The following socio-demographic variables were extracted: gender (male or female), race/ethnicity, age (years), insurance status, census tract (as a proxy for education and income), and receiving primary care within the healthcare system (i.e. established primary care provider at the time of the index ED visit). The following variables were used to describe the medical encounter: mode of ED arrival, Emergency Severity Index (ESI) triage score[16], Elixhauser comorbidity index[17], history of diabetes, and CPT code. Several variables were used to describe the antibiotics that were given during an index ED visit including route of administration (parenteral, enteral, or both), antibiotic class, antibiotic dose/frequency, and prescription duration in days.
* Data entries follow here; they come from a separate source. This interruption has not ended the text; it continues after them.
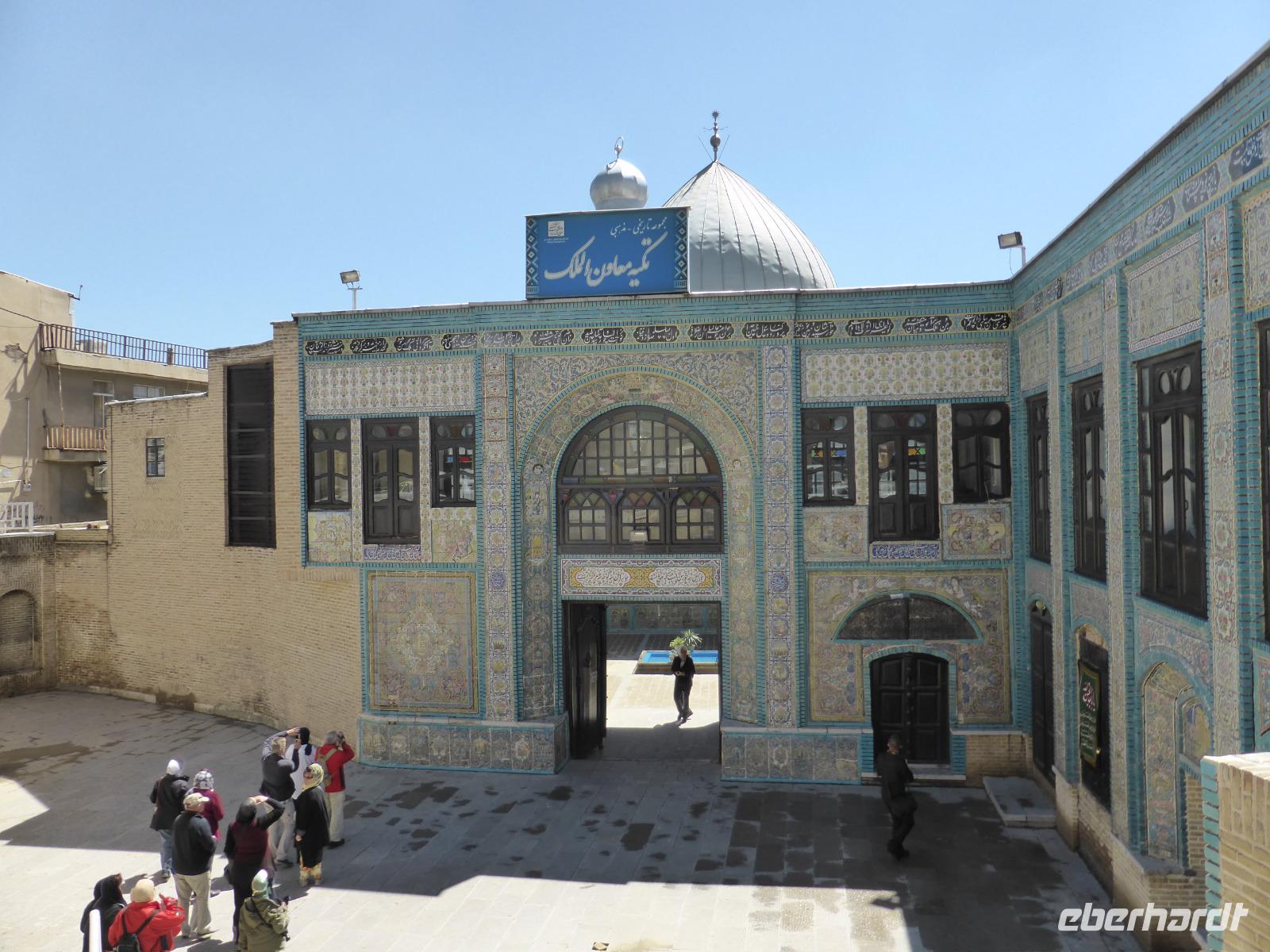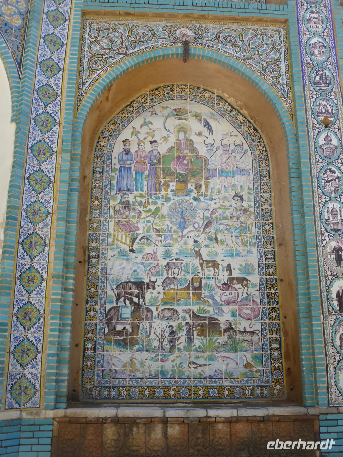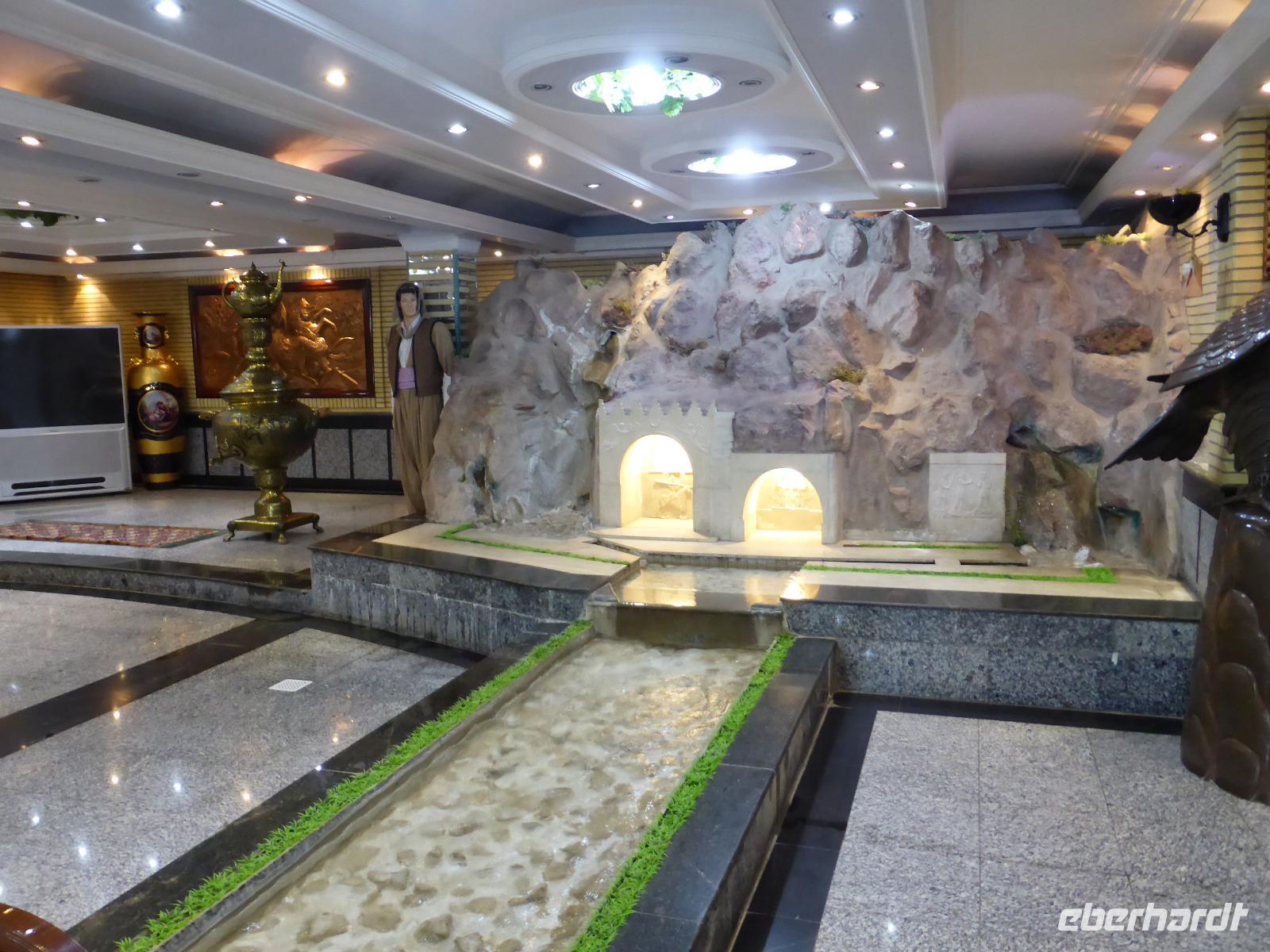 Von Bisotun aus fuhren wir nach Kermanshah zurück, um den Tekiyeh Maoven ol-Molk-Komplex zu besichtigen. Er wurde für die Passionsspiele im Gedenken an den Tod Imam Hoseyns (680) bei Kerbala Ende des 19.Jh. errichtet. Besonders beeindruckend sind die vielfarbigen Fliesenbilder, welche die Vorgänge der Schlacht darstellen. Nach der Besichtigung fuhren wir zu den Grotten von Taq-e Bostan. Die beiden Grotten wurden am Stadtrand von Kermanshah in den Fels geschlagen und stammen aus sassanidischer Zeit. Die Anlage gehörte einst zu einem Paradeisos, dessen Lehmziegel-Einfriedung teilweise noch erhalten ist. Die Felsreliefs in den beiden Grotten zeigen die Investituren von Ardaschir II., Schapur III. und Chosrau II. sowie Jagdszenen aus der Zeit Chosrau des II.. Nach dem Besuch der Anlage ging es zum Hotel zurück. Da bis zum Abendessen noch reichlich Zeit verblieb, beschlossen wir, zum Basar von Kermanshah zu fahren. Alle Gäste nahmen daran teil und wir orderten zwei Kleinbusse für den Tranfer. Sami zeigte uns den Goldbasar sowie anschließend den, die Sinne beraubenden, Gewürzbasar. Nach der Ankunft im Hotel hatten wir noch etwas Freizeit und trafen uns später zur Fahrt zum Abendessen im Restaurant des Hotels „Jamshid". Nach dem Essen spazierten wir noch einmal zu den Grotten von Taq-e Bostan, um diese beleuchtet zu sehen.
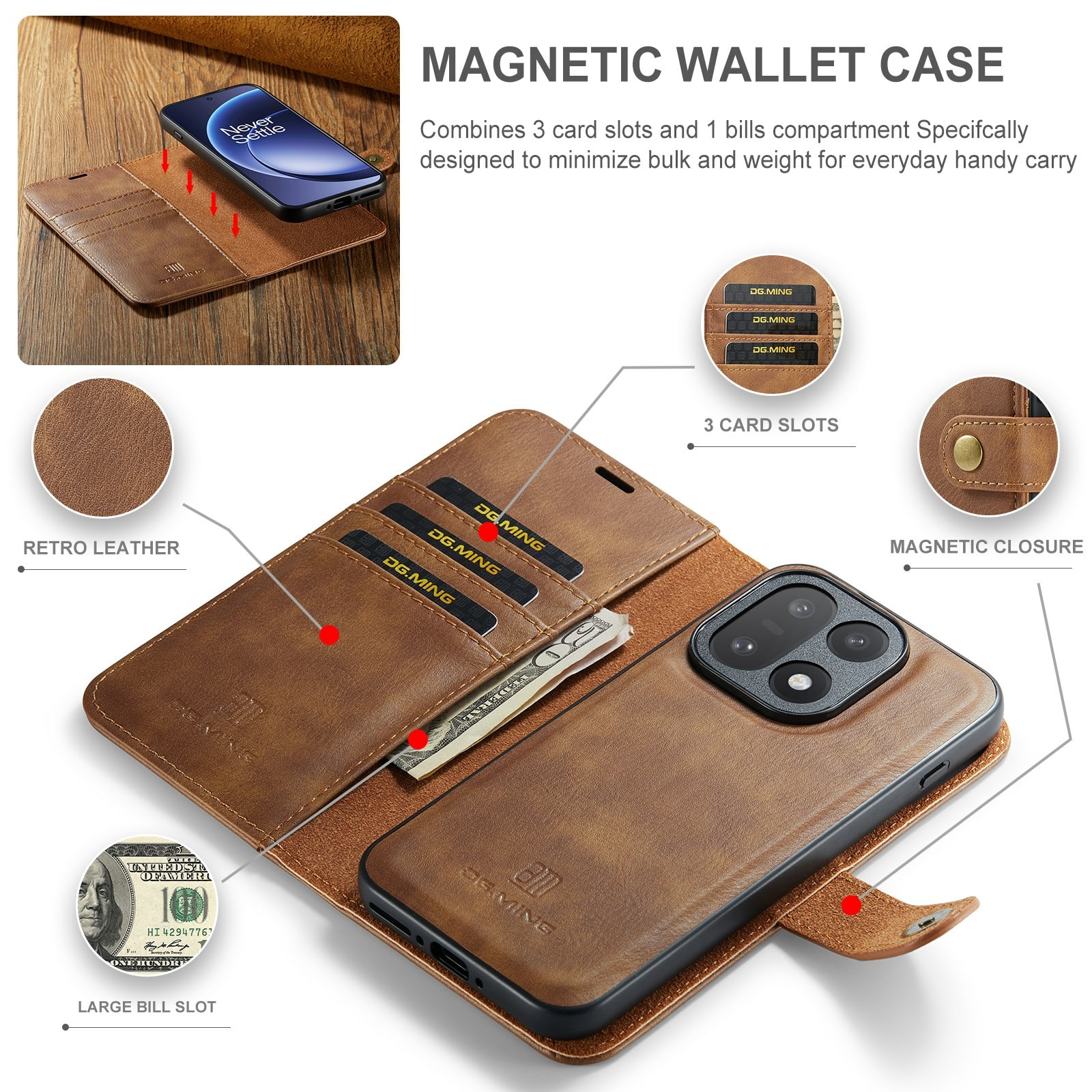 DG.MING etui med avtagbart magnetiskt deksel til OnePlus 15. Vesken har en klassisk og stilig design. Det avtagbare skallet betyr at du ikke trenger å bruke hele etui, for eksempel når du er hjemme eller på jobb.
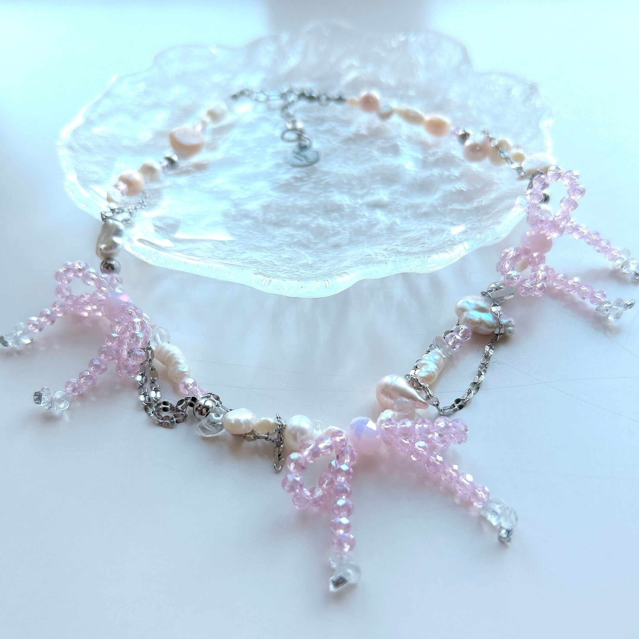 小ぶりなリボンがかわいいボリュームチョーカー。シルバーチェーンが絡まり付いているデザインなので、甘々すぎないデザインが好みの方に♡
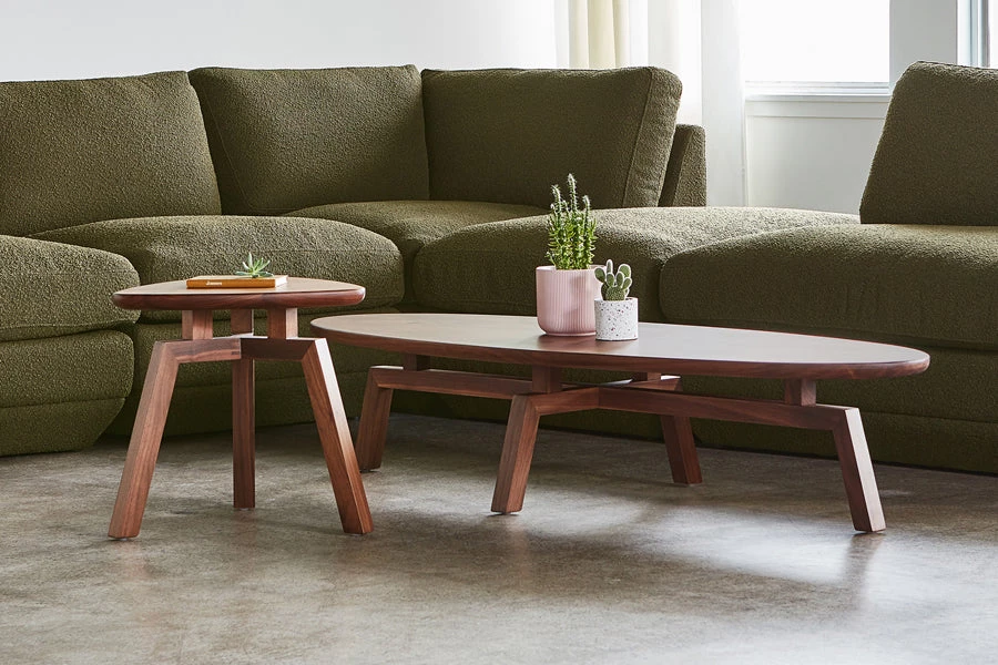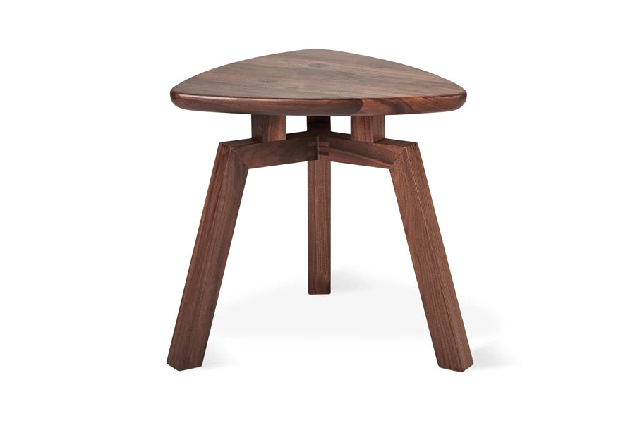 Channeling classic mid-century style with the relaxed ambiance of 1970’s Modernism, the Solana Triangular End Table showcases solid wood craftsmanship and sculptural beauty. The organic curves of the tabletop rest upon angular legs, creating a pleasing contrast unified by the warmth of the smooth wood grain. Visible joinery details—seamless wedged tenon joints in the top, finger joint detailing in the legs—add subtle interest to this refined accent piece. Part of the Solana Table Series, it is designed to nest with the Solana Oval or Triangular Coffee Table.
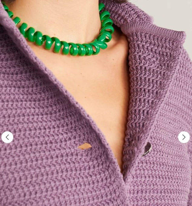 ▼項鍊的顏色多種多樣,有薰衣草色、草綠色、水藍色、紅色跟芥末黃等等,顏色多種多樣,而且都非常大膽。不管你平時的穿衣風格是什麼樣,都能搭上一條適合的電話線捲捲項鍊。
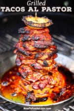 We use our tacos al pastor skewer (with plate) to grill the meat. You can also use wooden or metal skewers that you insert into the bottom slice of the pineapple to secure the meat. Or, you can simply grill the strips of marinated pork directly on the grill until crispy on the edges and fully cooked (about 15 to 20 minutes).
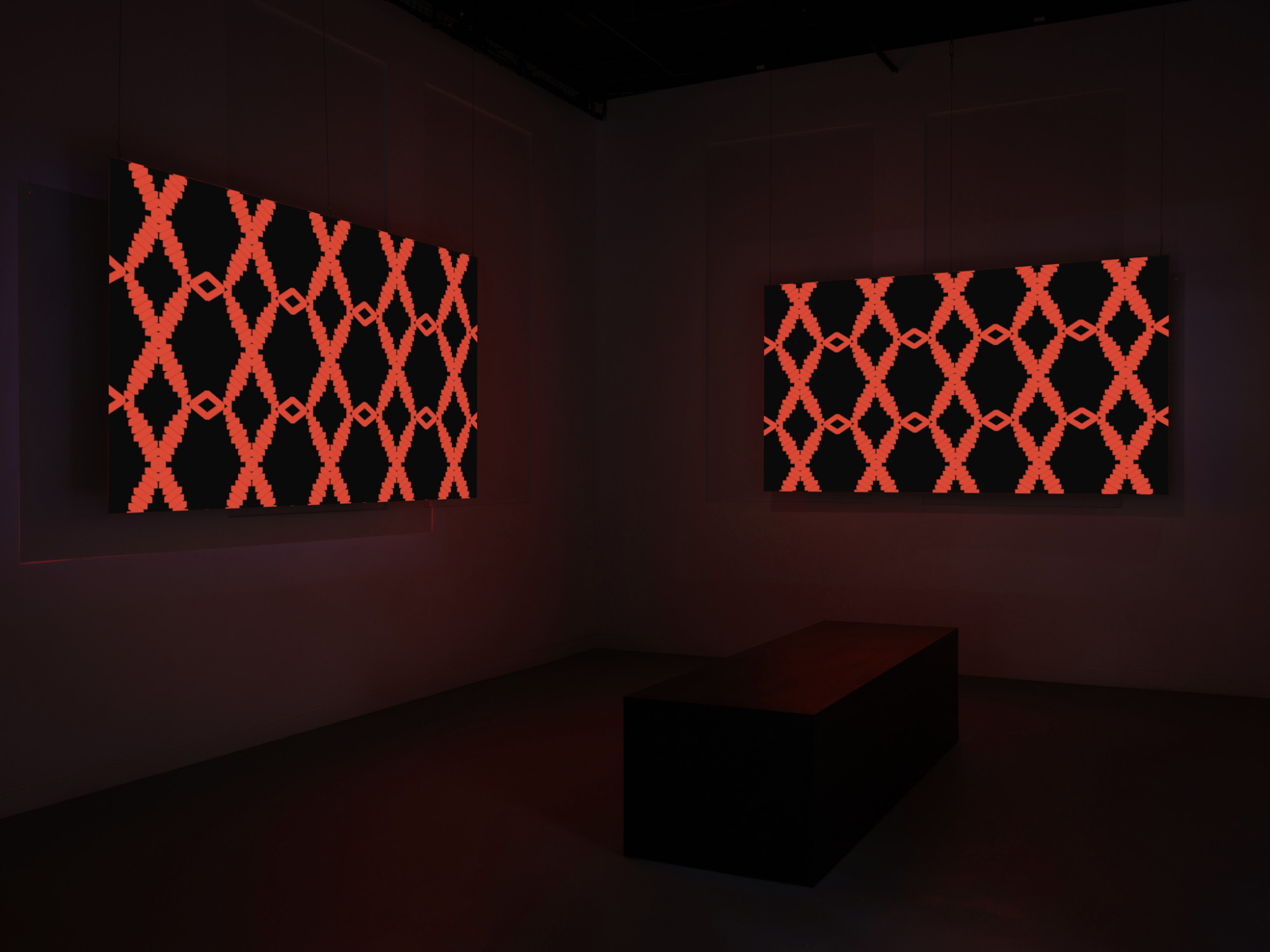 Tongan artist Sione Faletau’s multidisciplinary practice spans video, soundscapes sculpture and installation to explore cultural systems and identity. Anchored in Tongan and Moana epistemologies, his work embodies notions of time, space and affect. Central to his practice is ongo—meaning both sound and feeling—a concept that encompasses the deep interconnectedness of Tongan customary practices. In his digital installations, Faletau explores fonua (land, people, womb) and the complexities of human relations and connections with the world our internal and external architectures, environments, and the unseen forces that bind us. Extracting audio data from songs and field recordings he translates their sonic frequencies into immaterial and intricate kupesi–the symbolic patterns used on ngatu (bark cloth)–which hold deep cultural and ceremonial significance.

To validate the extracted data, we employed multiple best practice strategies for the use of operational EHR data in comparative effectiveness research.[18,19] This includes comparing to a gold standard data source by creating a data subset of patients that had health care claims data available and compared each ED encounter to the health care claim with respect to definition, diagnosis, and procedures codes. We also applied standard cleaning algorithms to correct obvious data errors, compared variable distributions against expected distributions and distributions from other internal data sources, and conducted manual validity checks to screen for aberrant values.

Data Analysis:

Group comparisons on socio-demographic and medical encounter variables were performed using Pearson’s chi-square test, t test, and the Wilcoxon Mann-Whitney test, as appropriate. For the outcome measures, we calculated the differences in subsequent antibiotic prescribing, repeat drainage procedures, and return SSTI-related ED visits at 10 and 30 days both as unique variables and as a combined treatment failure variable (i.e. a composite outcome). For the combined variable, we defined treatment failure as anyone who had either a repeat ED visit for a SSTI, subsequent SSTI related antibiotic prescription, or repeat surgical drainage procedure within 30 days of index ED visit.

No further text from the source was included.